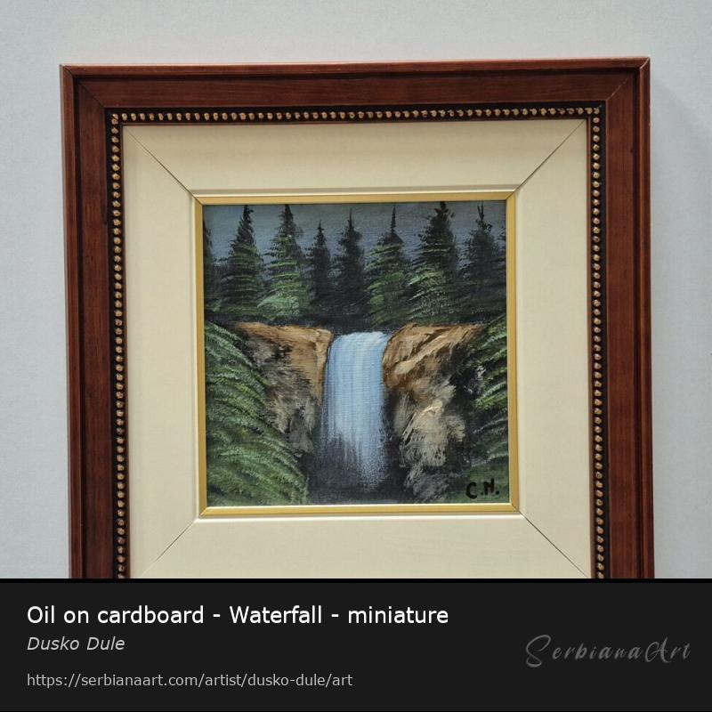 Oil on cardboard - Waterfall - miniature
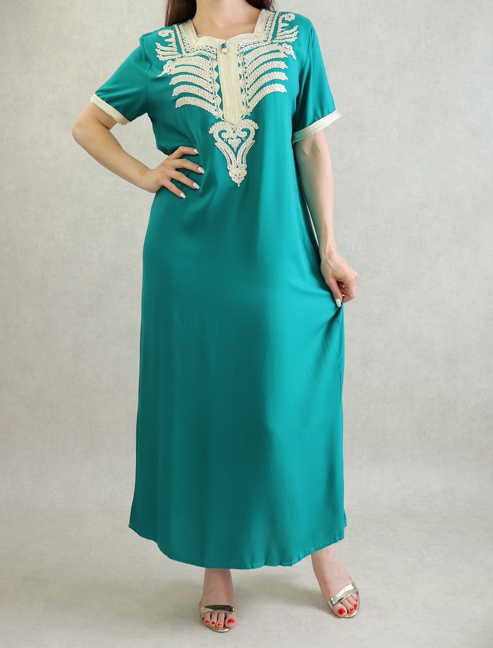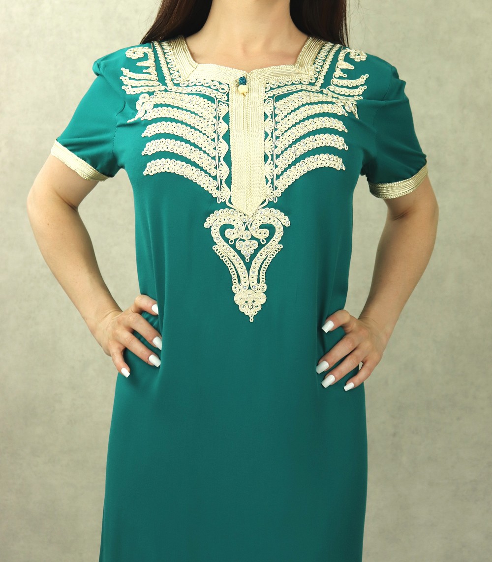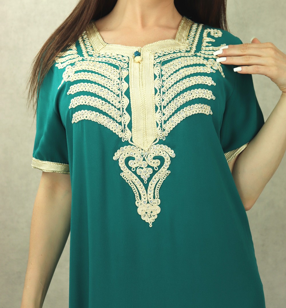 Cette robe orientale à manches courtes, encolure en cœur, tissu doux type coton et léger vous donnera une allure incroyable.
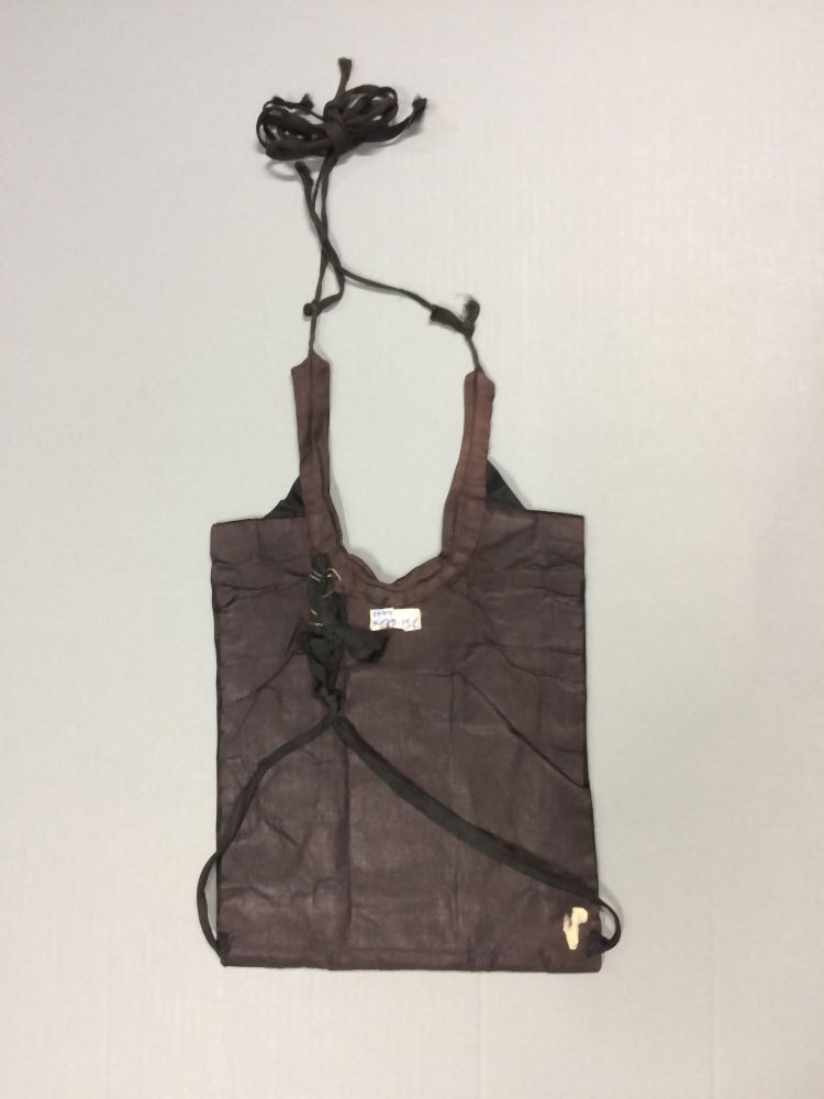 Dasfrontje man van zwart satijn, onder de kraag is een vlinderdasje, verfraaid door driehoeken en rosetten
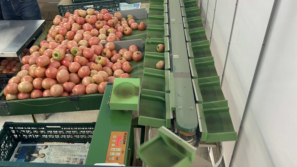 この機械により、一つ一つ違う重さのトマトが自動で分けられていきます。
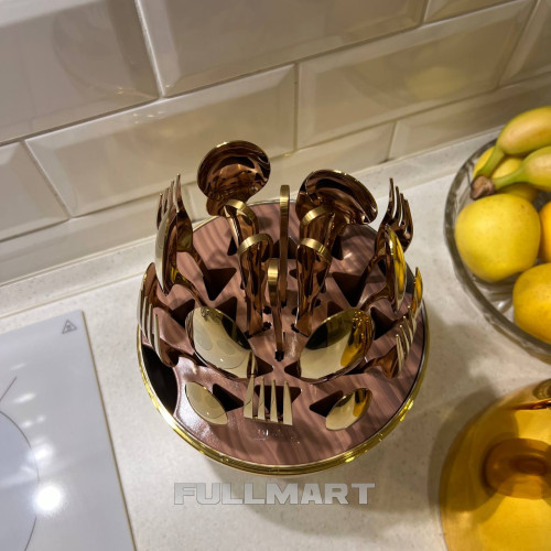 Набор столовых приборов – это незаменимый атрибут на любой кухне. Он сочетает в себе функциональность и эстетику, делая сервировку стола более удобной и красивой. Основные характеристики набора столовых приборов в Розе Высота 30 см. Диаметр 20 см. Основные характеристики приборов Длина ножей 23 см. Длина ложек 21 см. Длина вилок 21 см. Длина чайной ложки 16 см.
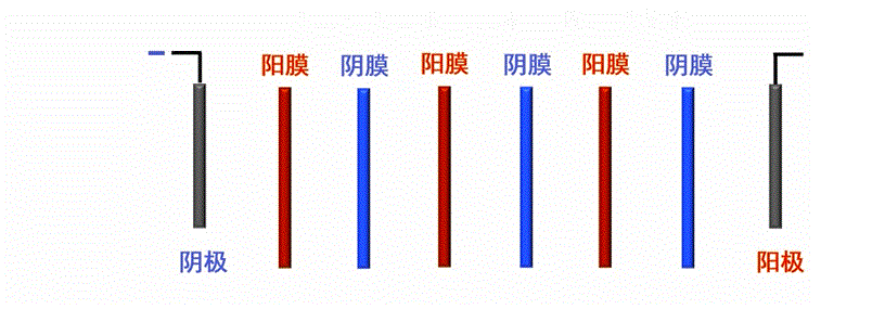 通過陽極和陰極在裝置兩側施加直流電場,陰、陽離子交換膜則交替排列在陽極和陰極之間,兩種膜之間用特制的隔板隔開,隔板內則有水流的通道。

_____

Exercise instructions: Repeat word for word the lines beginning at the one with "Dasfrontje man van" and ending at the final line of the records above, both included, and no others. Leave the pictures out.

Task response:
 Dasfrontje man van zwart satijn, onder de kraag is een vlinderdasje, verfraaid door driehoeken en rosetten
 この機械により、一つ一つ違う重さのトマトが自動で分けられていきます。
 Набор столовых приборов – это незаменимый атрибут на любой кухне. Он сочетает в себе функциональность и эстетику, делая сервировку стола более удобной и красивой. Основные характеристики набора столовых приборов в Розе Высота 30 см. Диаметр 20 см. Основные характеристики приборов Длина ножей 23 см. Длина ложек 21 см. Длина вилок 21 см. Длина чайной ложки 16 см.
 通過陽極和陰極在裝置兩側施加直流電場,陰、陽離子交換膜則交替排列在陽極和陰極之間,兩種膜之間用特制的隔板隔開,隔板內則有水流的通道。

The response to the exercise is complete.